Before last night, Torres had started in two winning Premier League games for the club that he joined in search of silver – and none since 14 January. And there are distractions wherever he looks. One of the suited brigade from the game's sponsors wanting to shake hands as they left the field was probably something he could have done without. At Anfield, this was a time of the game when he always liked to enter his own capsule of contemplation.
For a brief time last night, there was evidence that the change of guard in the manager's office has changed him, too. There was the brief old zip of pace which used to strike fear into defenders and the once common image of a defender – Micah Richards in this case – back-pedalling towards goal, eyes fixated on the ball at Torres' feet – as he ran at him. Torres rolled the ball into the feet of Juan Mata, a yard to his right, and the goal yawned wide. The chance Mata spurned would be Chelsea's best of the match.
The makeshift central defence Torres was presented with last night might have been holding up, with Richards as its ballast, but the fault line looked to be the left flank in which Mata threatened and Torres buzzed nearby. All too much for Pablo Zabaleta, you sensed. For a player with an uncluttered mind, these might have seemed like grounds for much encouragement .
But the Torres psyche is more convoluted than that. The times were legion during his last season at Liverpool when, perhaps tactically isolated, perhaps the only player capable of dragging Rafael Benitez's side into the light, Torres felt an insufferable weight of responsibility. It became too much and he would be sucked into a mood of pent-up frustration.
It was perhaps the kick at his heel from Zabaleta, midway through the first half, which started this last night. It stung, he hobbled, and then there was another tussle, with Richards, from which he leapt up, animated. His team-mates began to have the same effect. Torres wrung his hands with frustration and pointed to the place in the penalty area where Ramires might have laid a ball back for him rather than shoot.
In his pomp at Liverpool, the threat Torres would pose in a position like that would scream "Pass!" to his teammates. Now there was only Torres, screaming the word into the night.
Yaya Touré joined his list of foes – the two left the field in hot conversation at half-time – and even Roberto di Matteo.

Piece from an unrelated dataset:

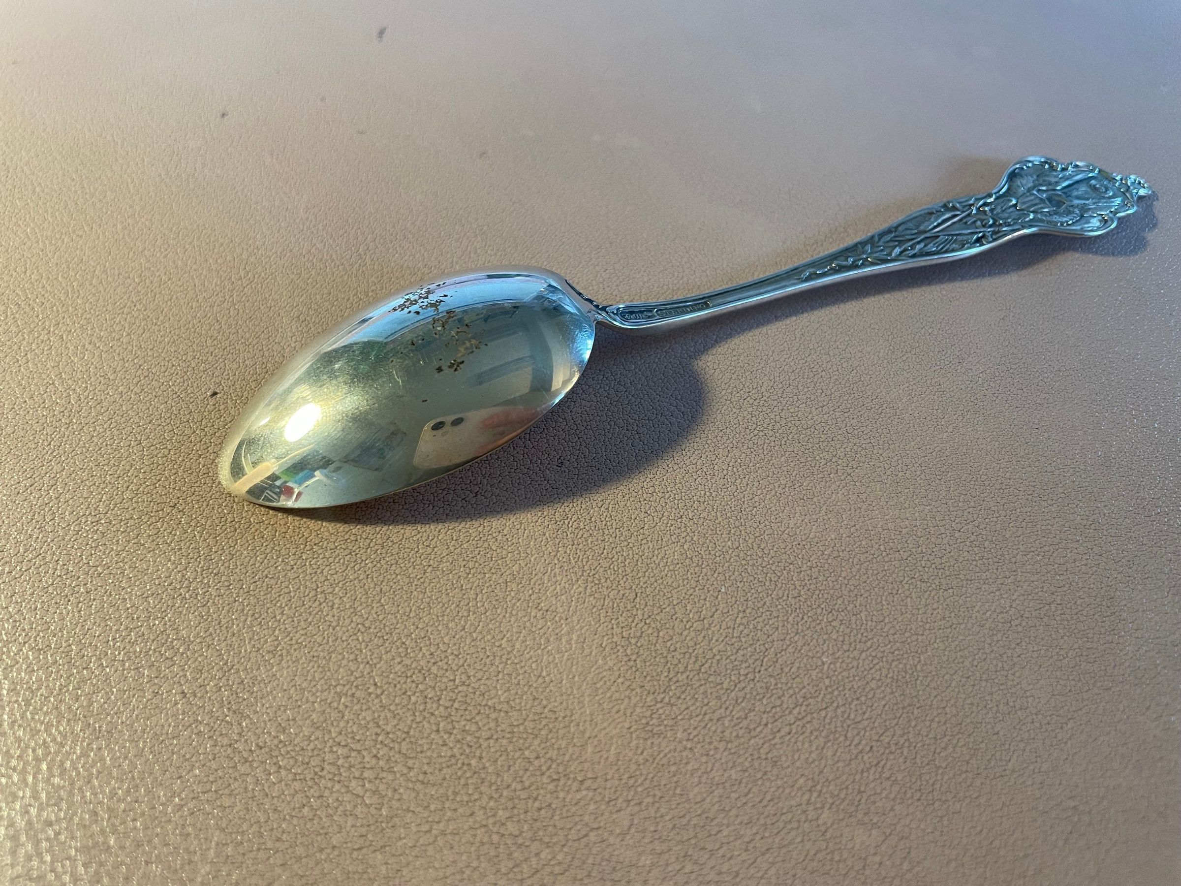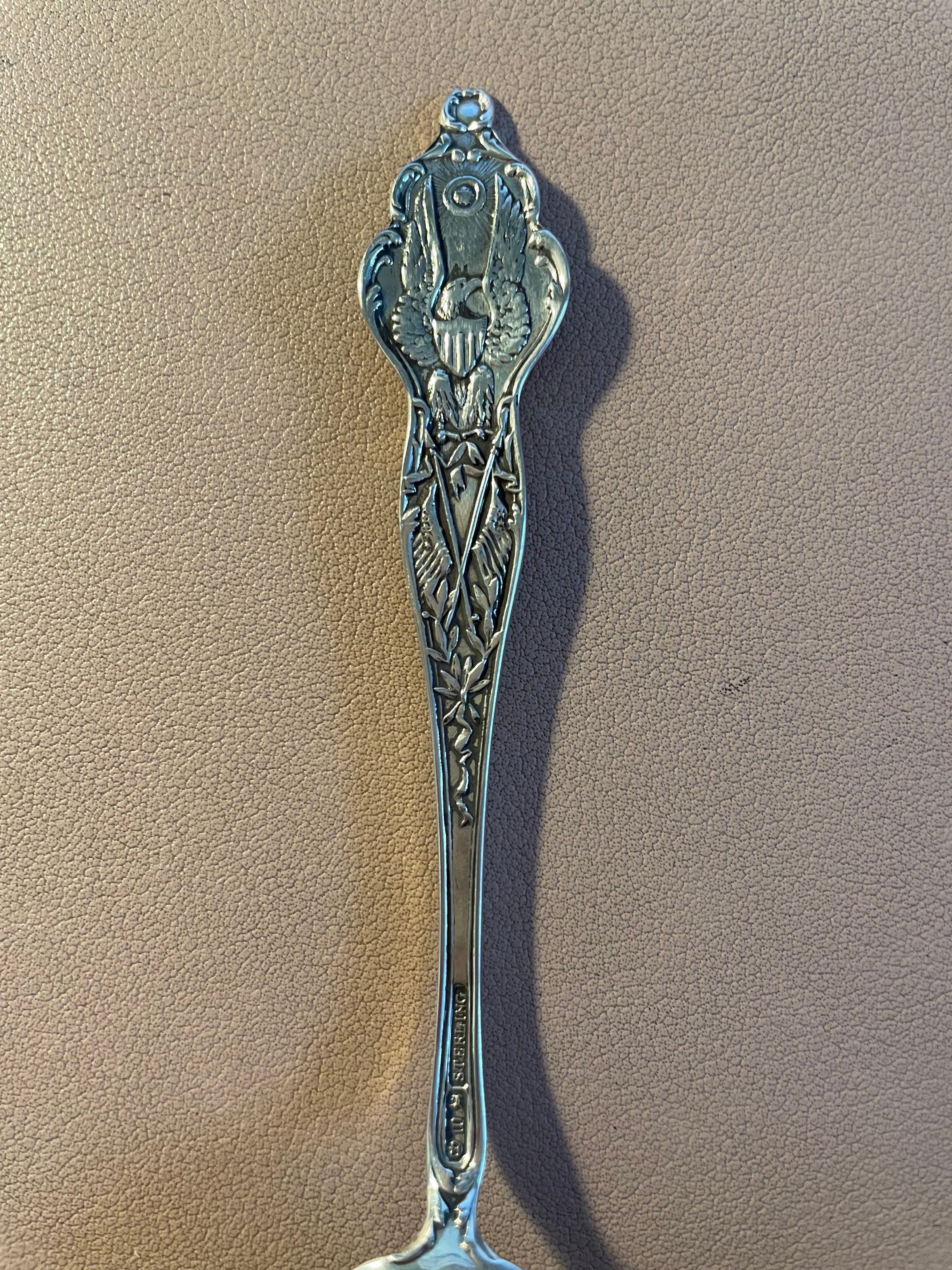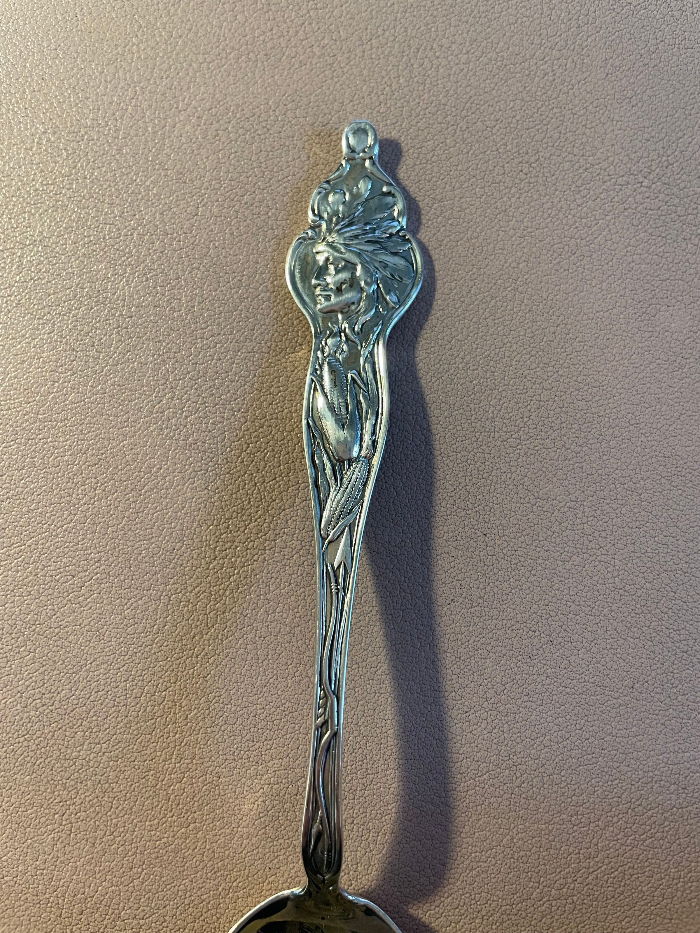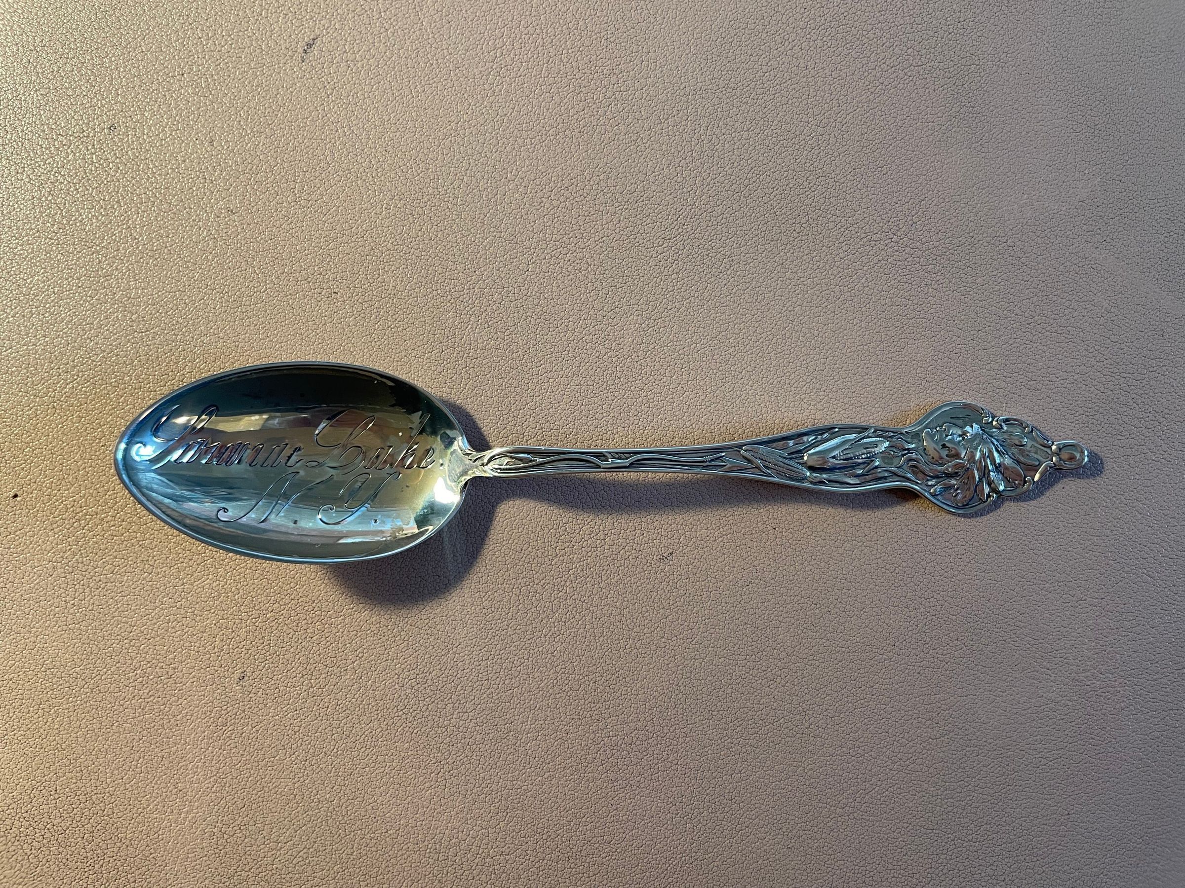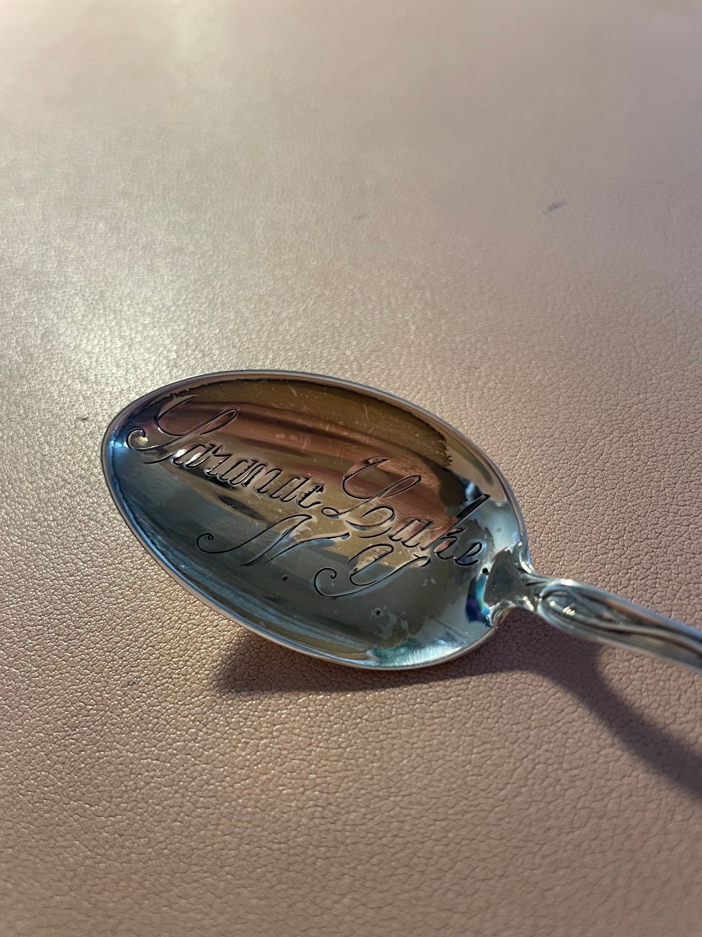 Sterling silver souvenir spoon with "Saranac Lake, N.Y." engraved in the bowl. Handle has a bow and arrow, corn stalks, and a Native American in a feathered headdress on the front. Reverse of handle has a sun, eagle with shield, and crossed American flags, and is stamped, "Sterling."Collection

Roman Abramovich has told Di Matteo that he wants his £50m signing in the starting ine-up but whatever the manager said to that player near the touchline towards the end of the first half, Torres did not agree with it.
The Touré conversation was continuing at the start of a second half in which Torres' only meaningful contribution was the leap in the area with that player which provided the loose ball for Gary Cahill to score. Di Matteo instigated the hand-slap when he called Torres in on 72 minutes but the manager had to man-handle him around in search of some eye contact and did not actually succeed in getting any.
The unravelling of Torres' career is sad to behold, and it's hard to know where the road will take him now. Perhaps all the way home to Fuenlabrada, the Madrideleno suburb he calls home, and Atletico Madrid – where they do understand him.